> What is being asked:
For the records below, copy exactly the span that begins at the line containing "Our appetizers were" and stops after the line containing "We’ve updated the", minus any pictures.

> Records shown:
__________________________________________________

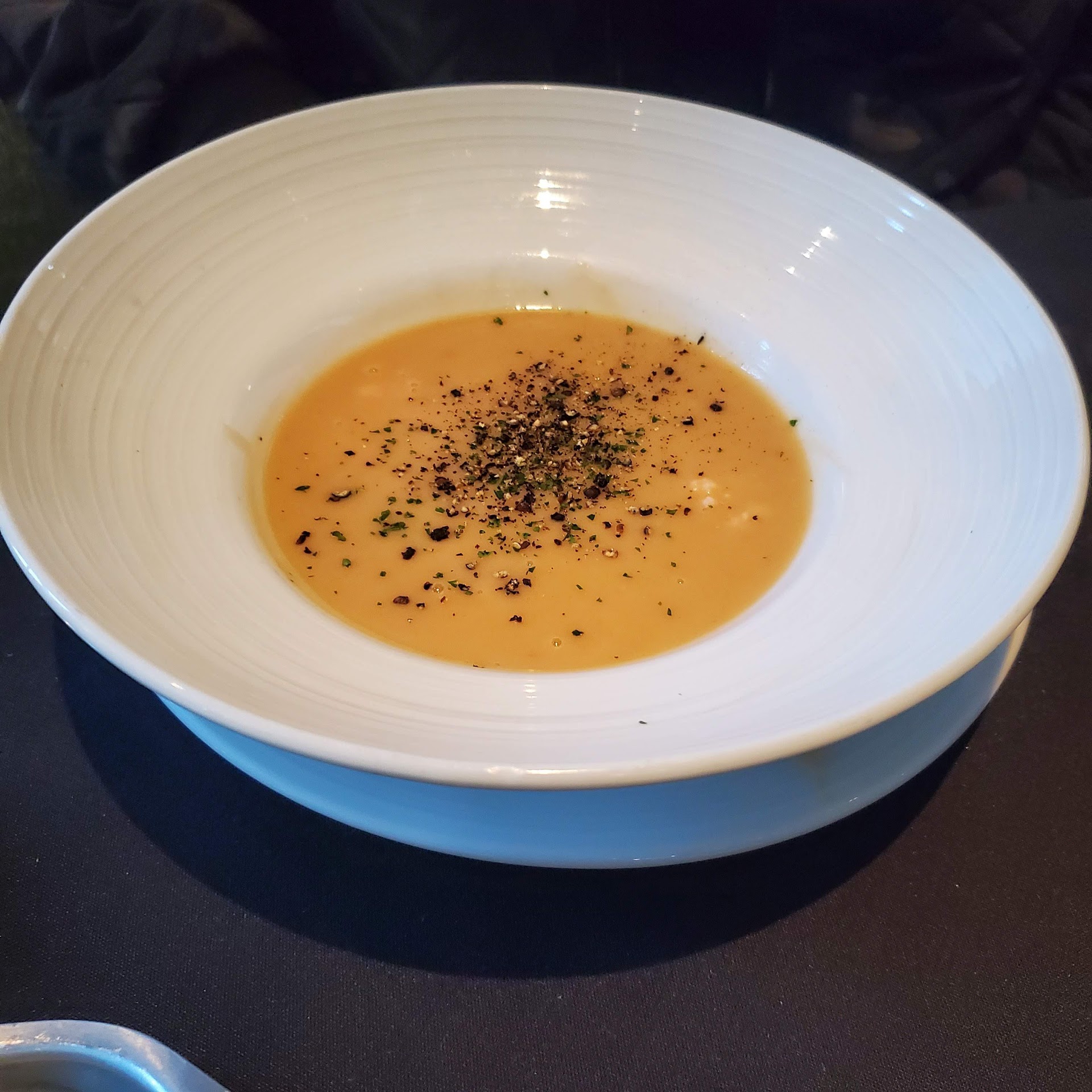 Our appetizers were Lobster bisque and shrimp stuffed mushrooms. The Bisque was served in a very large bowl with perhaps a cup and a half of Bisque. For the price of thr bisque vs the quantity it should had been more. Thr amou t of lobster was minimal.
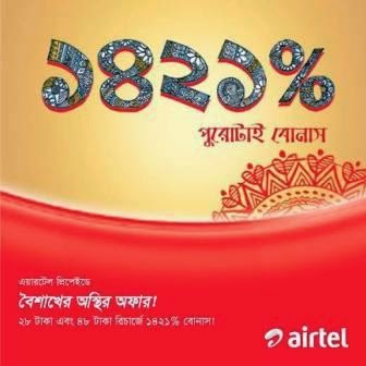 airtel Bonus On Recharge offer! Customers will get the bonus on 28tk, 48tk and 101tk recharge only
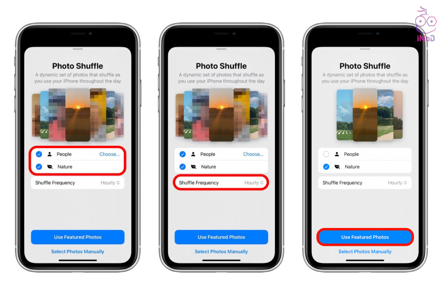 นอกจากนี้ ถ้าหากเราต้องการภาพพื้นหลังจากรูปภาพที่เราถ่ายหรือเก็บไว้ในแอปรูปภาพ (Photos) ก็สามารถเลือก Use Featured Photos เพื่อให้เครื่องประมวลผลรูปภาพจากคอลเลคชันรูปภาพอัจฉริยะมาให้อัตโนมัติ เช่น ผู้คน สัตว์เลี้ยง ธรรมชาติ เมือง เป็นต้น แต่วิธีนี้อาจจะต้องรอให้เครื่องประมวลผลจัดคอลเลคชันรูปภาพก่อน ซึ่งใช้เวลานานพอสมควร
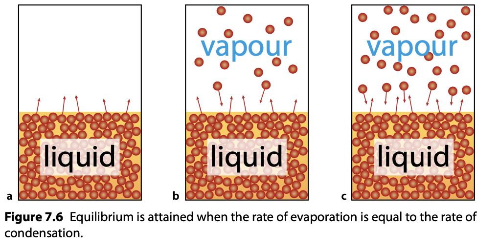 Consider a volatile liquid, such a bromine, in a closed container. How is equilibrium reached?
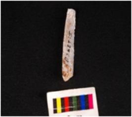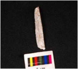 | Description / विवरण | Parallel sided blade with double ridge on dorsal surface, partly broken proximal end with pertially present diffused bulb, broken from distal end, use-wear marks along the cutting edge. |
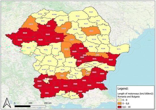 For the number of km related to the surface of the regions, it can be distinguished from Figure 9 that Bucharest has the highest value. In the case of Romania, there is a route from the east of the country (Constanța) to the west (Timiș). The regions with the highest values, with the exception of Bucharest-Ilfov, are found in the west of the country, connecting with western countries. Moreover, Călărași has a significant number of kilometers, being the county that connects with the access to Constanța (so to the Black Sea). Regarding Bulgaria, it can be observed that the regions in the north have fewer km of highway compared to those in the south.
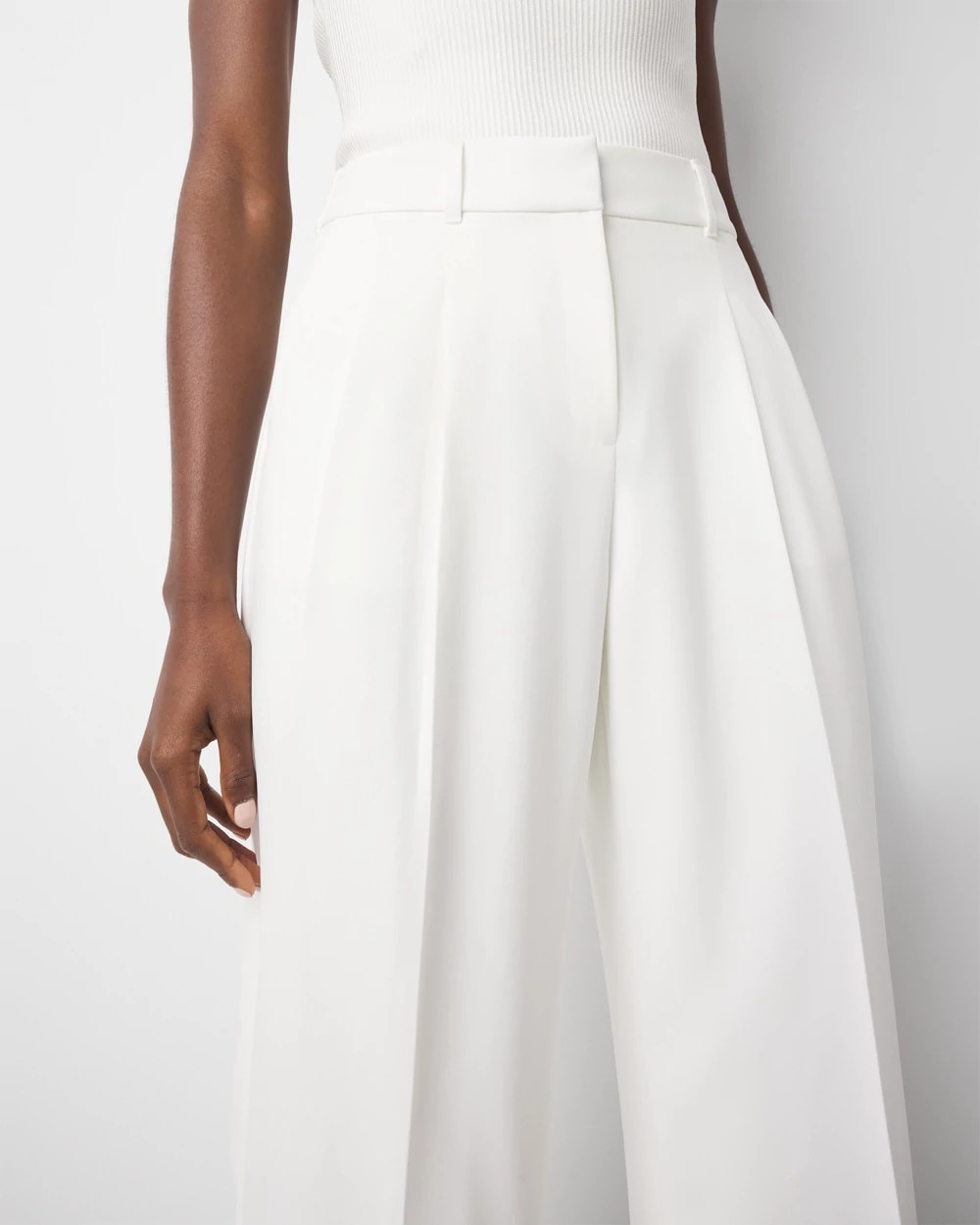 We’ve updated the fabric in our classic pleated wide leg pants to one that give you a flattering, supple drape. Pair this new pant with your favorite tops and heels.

__________________________________________________

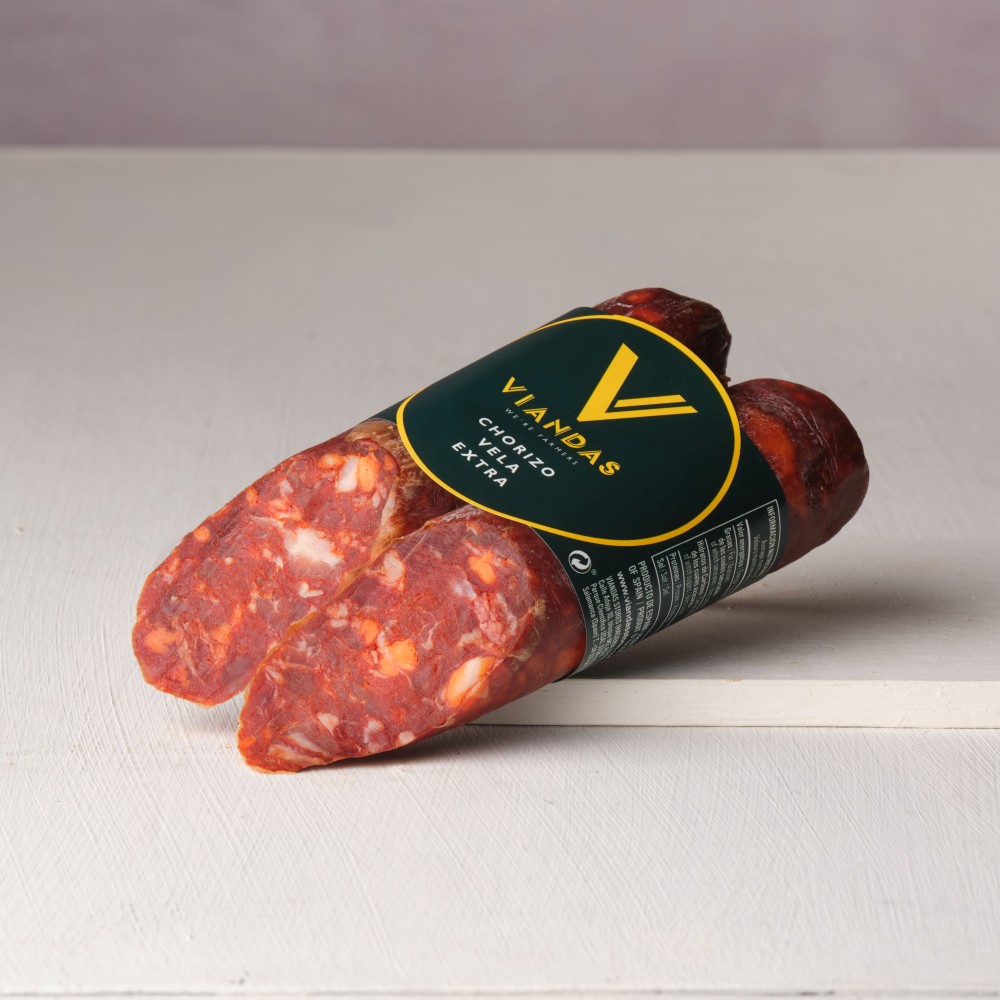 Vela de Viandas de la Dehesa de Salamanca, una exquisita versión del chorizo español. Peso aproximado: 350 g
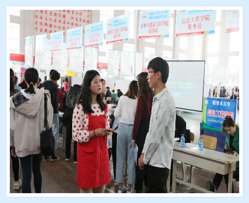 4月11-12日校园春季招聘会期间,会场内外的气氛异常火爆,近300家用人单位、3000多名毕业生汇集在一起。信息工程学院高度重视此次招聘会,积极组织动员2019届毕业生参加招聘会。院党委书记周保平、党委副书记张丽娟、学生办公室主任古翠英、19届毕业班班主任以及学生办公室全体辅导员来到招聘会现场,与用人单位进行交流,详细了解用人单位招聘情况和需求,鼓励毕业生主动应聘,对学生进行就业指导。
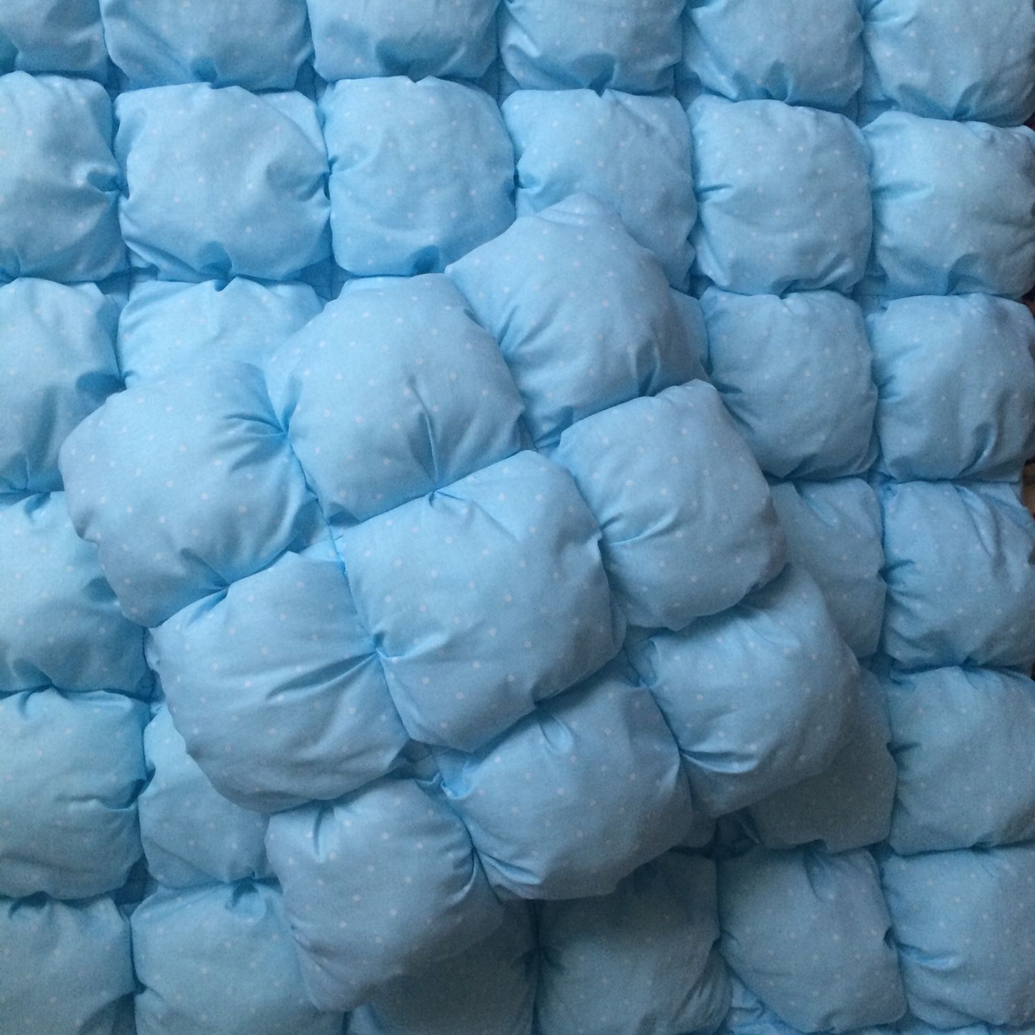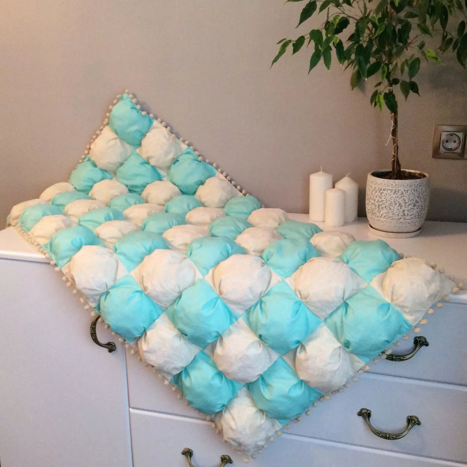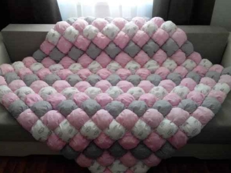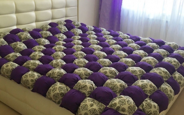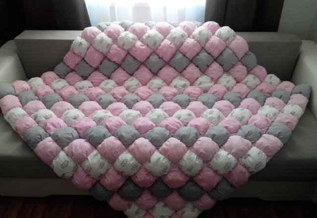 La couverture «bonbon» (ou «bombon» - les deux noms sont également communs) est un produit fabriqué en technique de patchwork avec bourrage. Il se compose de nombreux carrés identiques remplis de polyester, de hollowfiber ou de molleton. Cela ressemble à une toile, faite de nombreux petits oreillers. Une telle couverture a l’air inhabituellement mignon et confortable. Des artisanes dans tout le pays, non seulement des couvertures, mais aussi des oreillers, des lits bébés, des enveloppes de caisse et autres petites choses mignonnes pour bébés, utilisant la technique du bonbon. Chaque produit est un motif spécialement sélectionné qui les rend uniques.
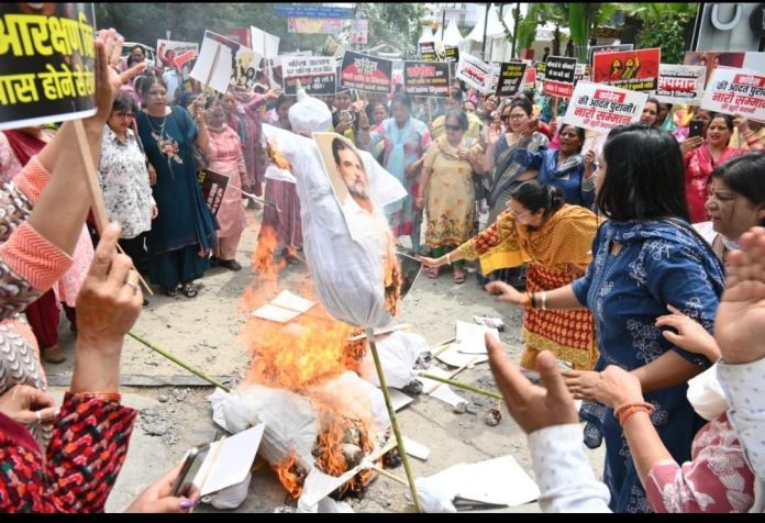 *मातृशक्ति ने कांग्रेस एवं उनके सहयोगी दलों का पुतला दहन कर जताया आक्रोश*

__________________________________________________

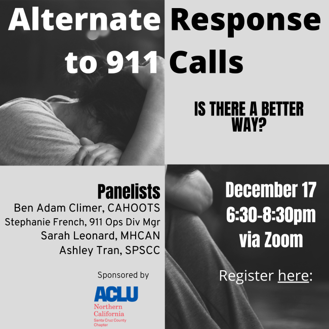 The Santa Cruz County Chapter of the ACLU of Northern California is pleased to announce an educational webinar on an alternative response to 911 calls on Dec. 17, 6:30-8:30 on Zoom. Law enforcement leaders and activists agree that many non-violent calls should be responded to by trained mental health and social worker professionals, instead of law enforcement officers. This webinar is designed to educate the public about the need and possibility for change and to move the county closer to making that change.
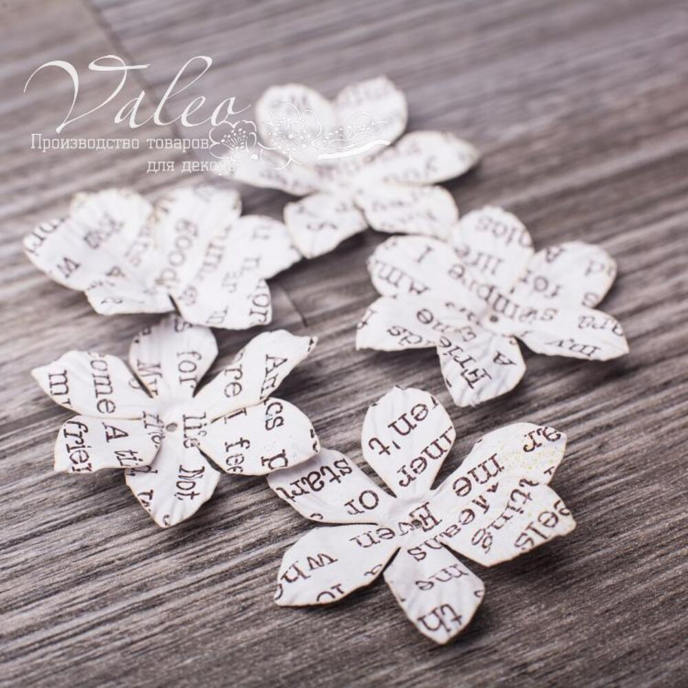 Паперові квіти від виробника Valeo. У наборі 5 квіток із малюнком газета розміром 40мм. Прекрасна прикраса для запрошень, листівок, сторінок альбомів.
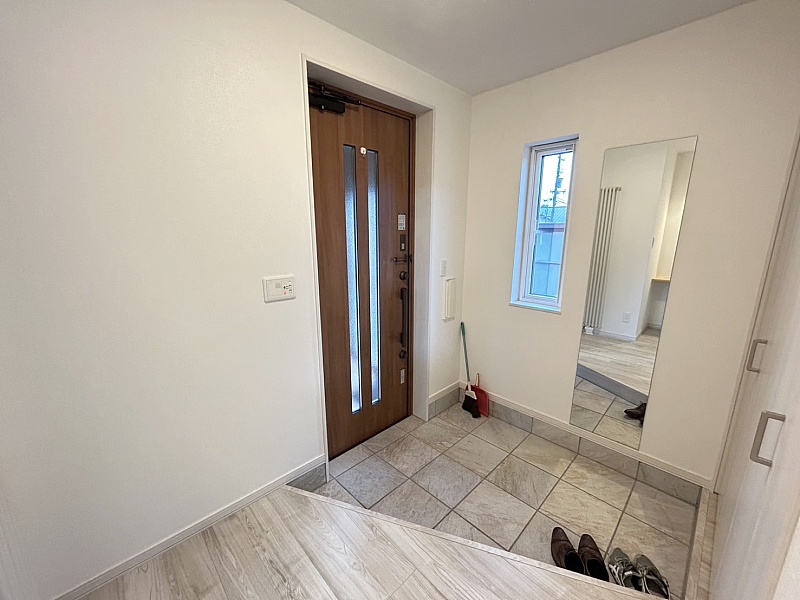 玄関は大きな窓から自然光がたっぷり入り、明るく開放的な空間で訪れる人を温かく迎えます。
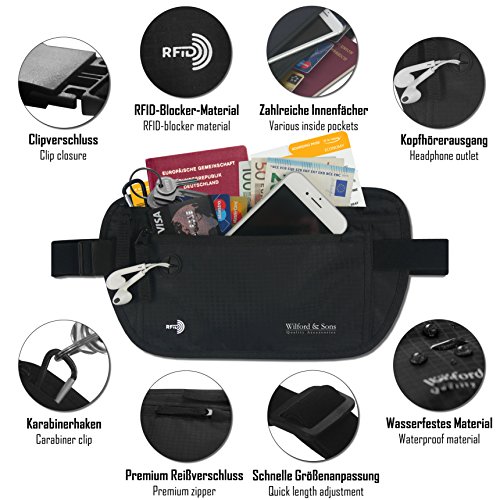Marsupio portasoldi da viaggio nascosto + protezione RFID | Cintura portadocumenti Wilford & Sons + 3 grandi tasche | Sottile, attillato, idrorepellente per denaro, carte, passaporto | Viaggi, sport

__________________________________________________

> Answer:
 Our appetizers were Lobster bisque and shrimp stuffed mushrooms. The Bisque was served in a very large bowl with perhaps a cup and a half of Bisque. For the price of thr bisque vs the quantity it should had been more. Thr amou t of lobster was minimal.
 airtel Bonus On Recharge offer! Customers will get the bonus on 28tk, 48tk and 101tk recharge only
 นอกจากนี้ ถ้าหากเราต้องการภาพพื้นหลังจากรูปภาพที่เราถ่ายหรือเก็บไว้ในแอปรูปภาพ (Photos) ก็สามารถเลือก Use Featured Photos เพื่อให้เครื่องประมวลผลรูปภาพจากคอลเลคชันรูปภาพอัจฉริยะมาให้อัตโนมัติ เช่น ผู้คน สัตว์เลี้ยง ธรรมชาติ เมือง เป็นต้น แต่วิธีนี้อาจจะต้องรอให้เครื่องประมวลผลจัดคอลเลคชันรูปภาพก่อน ซึ่งใช้เวลานานพอสมควร
 Consider a volatile liquid, such a bromine, in a closed container. How is equilibrium reached?
 | Description / विवरण | Parallel sided blade with double ridge on dorsal surface, partly broken proximal end with pertially present diffused bulb, broken from distal end, use-wear marks along the cutting edge. |
 For the number of km related to the surface of the regions, it can be distinguished from Figure 9 that Bucharest has the highest value. In the case of Romania, there is a route from the east of the country (Constanța) to the west (Timiș). The regions with the highest values, with the exception of Bucharest-Ilfov, are found in the west of the country, connecting with western countries. Moreover, Călărași has a significant number of kilometers, being the county that connects with the access to Constanța (so to the Black Sea). Regarding Bulgaria, it can be observed that the regions in the north have fewer km of highway compared to those in the south.
 We’ve updated the fabric in our classic pleated wide leg pants to one that give you a flattering, supple drape. Pair this new pant with your favorite tops and heels.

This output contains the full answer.